── Available data ──
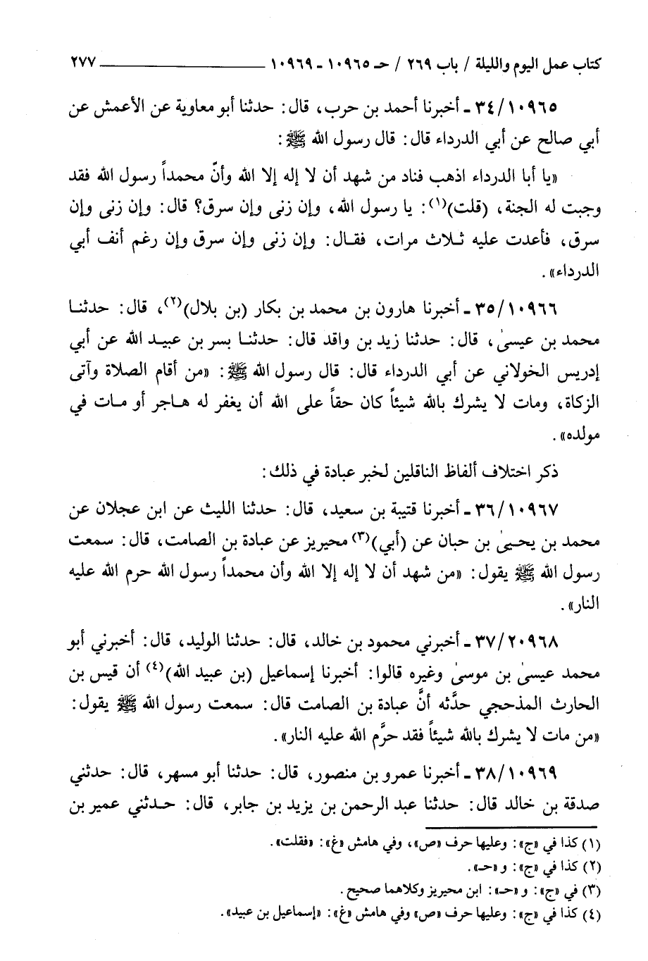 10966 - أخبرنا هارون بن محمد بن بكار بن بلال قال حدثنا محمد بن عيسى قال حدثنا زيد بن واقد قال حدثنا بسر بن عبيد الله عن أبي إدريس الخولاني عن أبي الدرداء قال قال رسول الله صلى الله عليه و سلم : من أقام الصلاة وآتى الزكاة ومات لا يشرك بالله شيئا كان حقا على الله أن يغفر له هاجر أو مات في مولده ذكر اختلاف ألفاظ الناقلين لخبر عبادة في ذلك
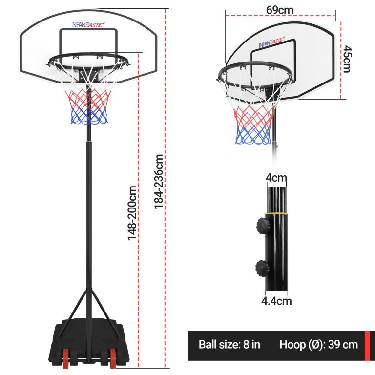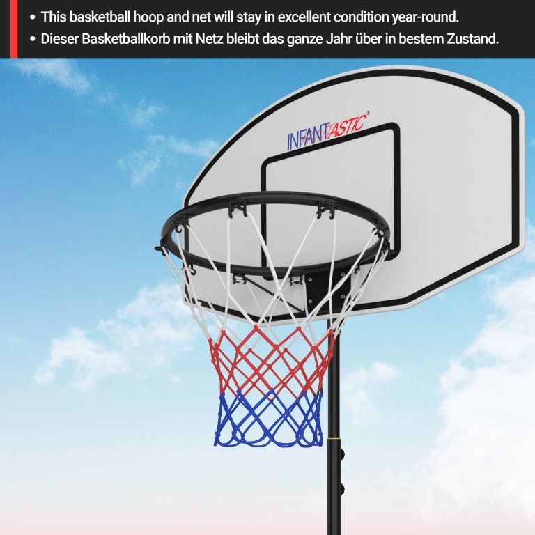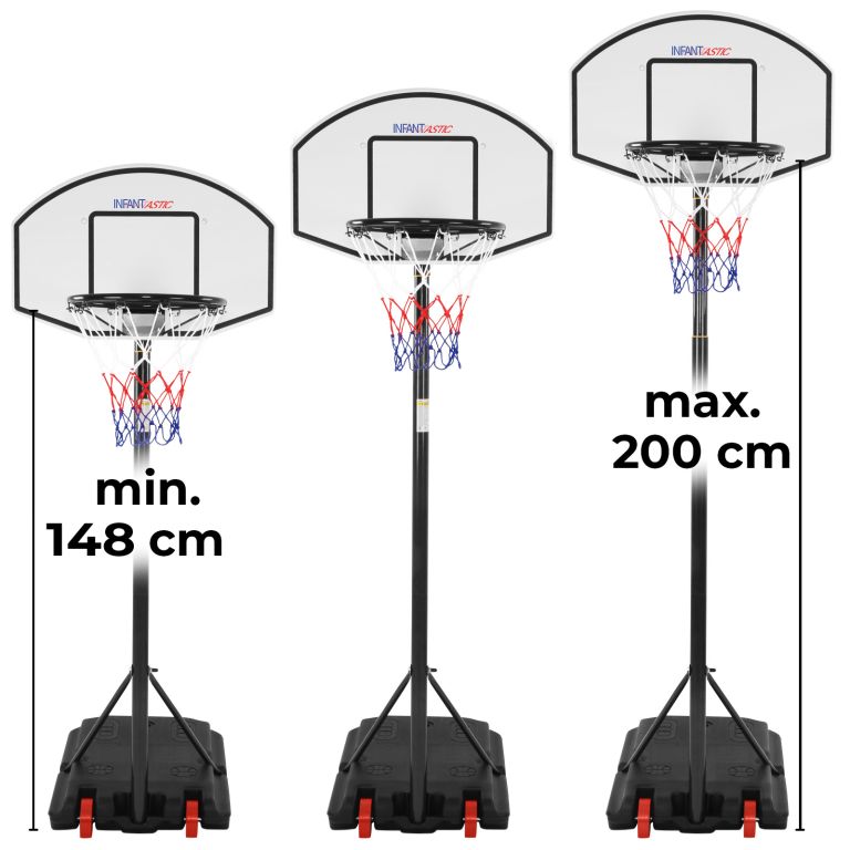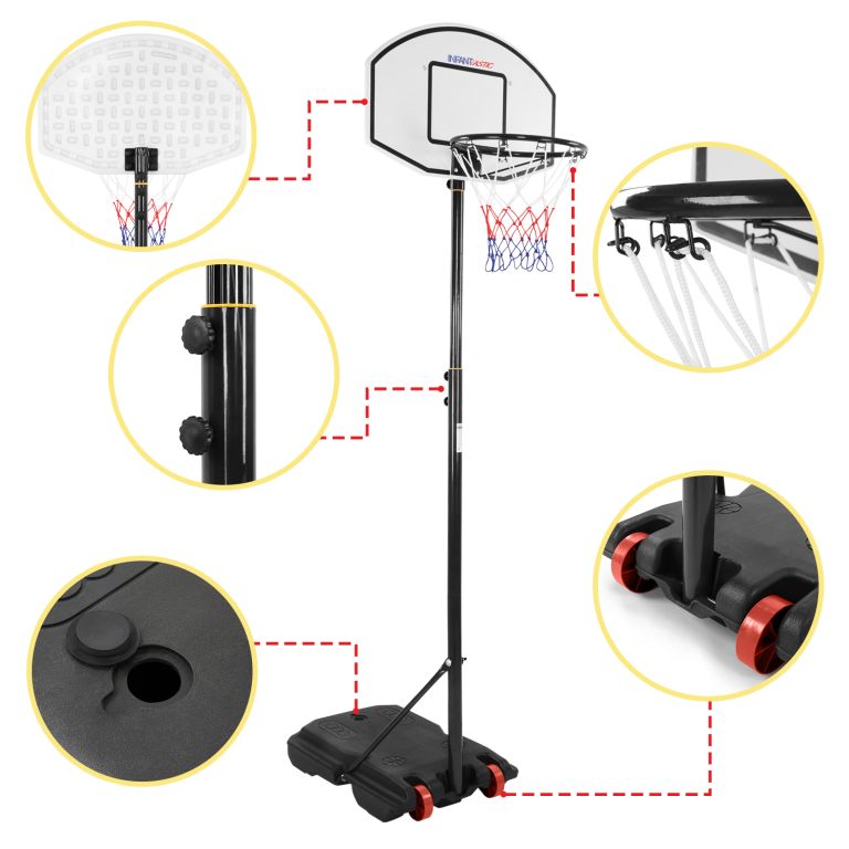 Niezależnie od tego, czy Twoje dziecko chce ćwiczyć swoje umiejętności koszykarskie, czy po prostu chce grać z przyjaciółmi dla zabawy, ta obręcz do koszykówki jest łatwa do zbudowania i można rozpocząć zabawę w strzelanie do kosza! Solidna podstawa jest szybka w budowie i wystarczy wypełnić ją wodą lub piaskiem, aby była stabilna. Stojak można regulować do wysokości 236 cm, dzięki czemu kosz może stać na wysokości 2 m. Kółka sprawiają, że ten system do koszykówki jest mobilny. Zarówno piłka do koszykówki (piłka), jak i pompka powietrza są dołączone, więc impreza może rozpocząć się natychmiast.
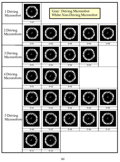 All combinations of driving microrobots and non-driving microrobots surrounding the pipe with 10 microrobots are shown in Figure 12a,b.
───
◆ **Exercise brief**
Extract only the lines from the line containing "Niezależnie od tego, czy" through the final line of the listing above, unchanged; pictures stay out of the copy.

◆ **Reply to the exercise**
 Niezależnie od tego, czy Twoje dziecko chce ćwiczyć swoje umiejętności koszykarskie, czy po prostu chce grać z przyjaciółmi dla zabawy, ta obręcz do koszykówki jest łatwa do zbudowania i można rozpocząć zabawę w strzelanie do kosza! Solidna podstawa jest szybka w budowie i wystarczy wypełnić ją wodą lub piaskiem, aby była stabilna. Stojak można regulować do wysokości 236 cm, dzięki czemu kosz może stać na wysokości 2 m. Kółka sprawiają, że ten system do koszykówki jest mobilny. Zarówno piłka do koszykówki (piłka), jak i pompka powietrza są dołączone, więc impreza może rozpocząć się natychmiast.
 All combinations of driving microrobots and non-driving microrobots surrounding the pipe with 10 microrobots are shown in Figure 12a,b.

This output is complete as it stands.